Implement stratified split and do the 80-20 train-test split of the provided dataset

In [0]:
# Importing Libraries
import os
import glob
import re
import numpy as np
from matplotlib import pyplot
import math 
import pandas as pd
import string
import heapq
from nltk.corpus import stopwords

In [0]:
# Loading the dataset
df = pd.read_csv (r'Tweets.csv')

# Shuffling the dataset
df.sample(frac=1)
df

Unnamed: 0,airline_sentiment,text
0,neutral,@USAirways Is there a phone line to call into ...
1,positive,@united Bag was finally delivered and intact. ...
2,positive,@usairways Thanks to Kevin and team at F38ish ...
3,negative,"@AmericanAir Yes, talked to them. FLL says is ..."
4,negative,@VirginAmerica and it's a really big bad thing...
...,...,...
14635,positive,@southwestair Great job celebrating #MardiGras...
14636,negative,@JetBlue I have been on phone with rep for ove...
14637,positive,@VirginAmerica @SSal thanks!
14638,positive,@VirginAmerica Thank you!!


In [0]:
# Dividing the dataset into train and test data and then furthe dividing it into X and Y. 
def dataSplit(df):
    
    # Exctracting data for each class
    neu = df[df['airline_sentiment'] == 'neutral']
    pos = df[df['airline_sentiment'] == 'positive']
    neg = df[df['airline_sentiment'] == 'negative']

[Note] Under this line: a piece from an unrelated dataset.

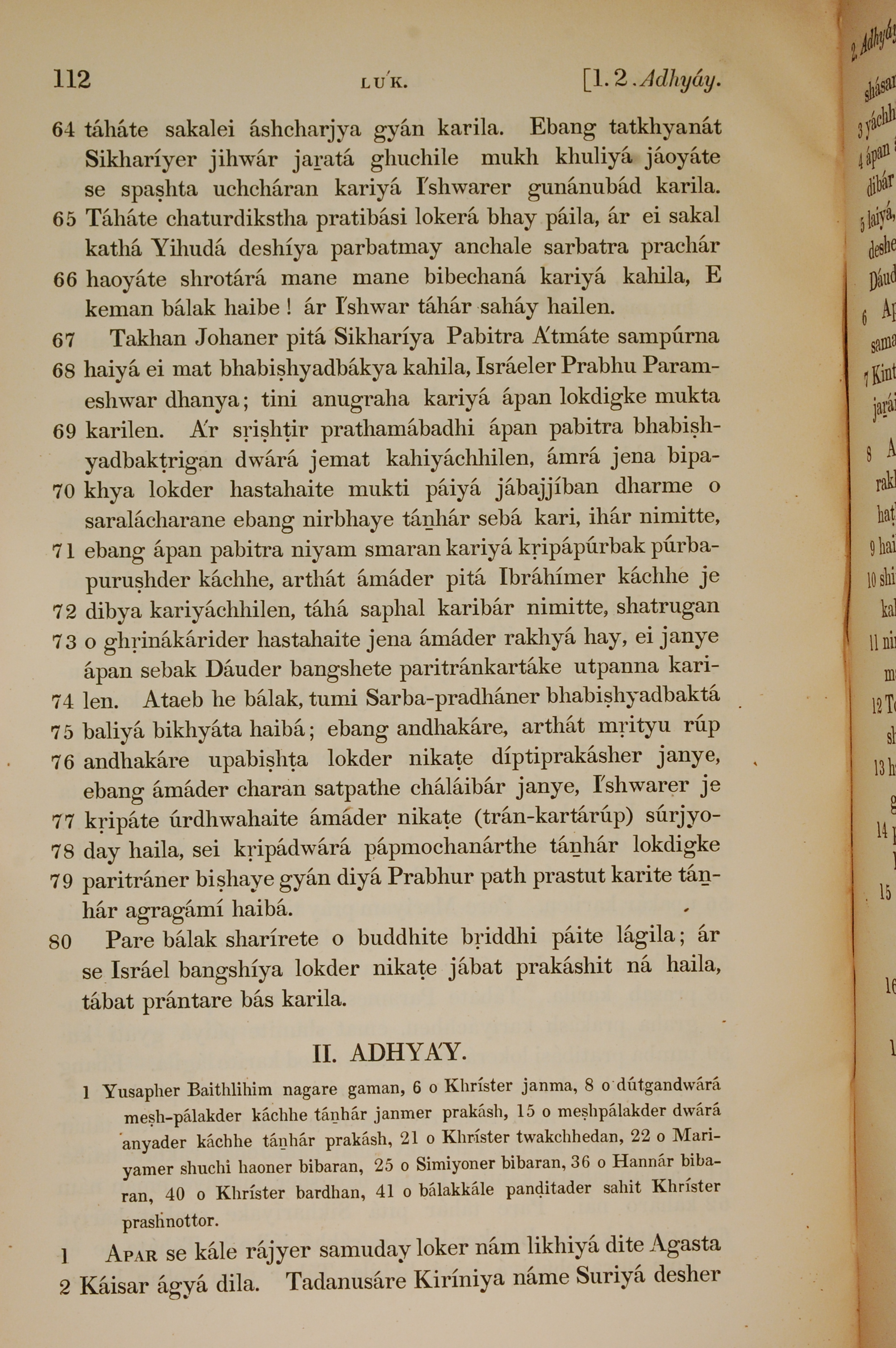 1839年孟加拉語新約全書 路加福音 1 章 64 節到 2 章 2 節

    # Splitting the dataset into train and test data using 80:20 ratio

    # Using the first 80% data entries as train data
    neu_train = neu[0:int( len(neu)*0.8 )]
    pos_train = pos[0:int( len(pos)*0.8 )]
    neg_train = neg[0:int( len(neg)*0.8 )]
    
    # Using the last 20% data entries as test data
    neu_test = neu[int(len(neu)*0.8): len(neu)]
    pos_test = pos[int(len(pos)*0.8): len(pos)]
    neg_test = neg[int(len(neg)*0.8): len(neg)]

    # Combining the three classes to get train and test data further divided by X and Y
    X_train = np.concatenate((neu_train['text'], pos_train['text'], neg_train['text']))
    Y_train = np.concatenate((neu_train['airline_sentiment'], pos_train['airline_sentiment'], neg_train['airline_sentiment']))
    X_test = np.concatenate((neu_test['text'], pos_test['text'], neg_test['text']))
    Y_test = np.concatenate((neu_test['airline_sentiment'], pos_test['airline_sentiment'], neg_test['airline_sentiment']))
    
    return X_train, Y_train, X_test, Y_test, np.array([neu_train['text'], pos_train['text'], neg_train['text']]), np.array( [neu_test['text'], pos_test['text'], neg_test['text']])

X_train, Y_train, X_test, Y_test, x_train, x_test  = dataSplit(df)


## 2. Dataset Preprocessing
We’ll represent a tweet as a bag-of-words, that is, an unordered set of words with their
position ignored, keeping only their frequency in the tweet. <br>
Please note that in our case the vocabulary might be in thousands, so we will use text cleaning techniques such as ignore case, punctuation and frequent (stop) words like “a”, ”an”, “the” etc. to reduce the size of vocabulary.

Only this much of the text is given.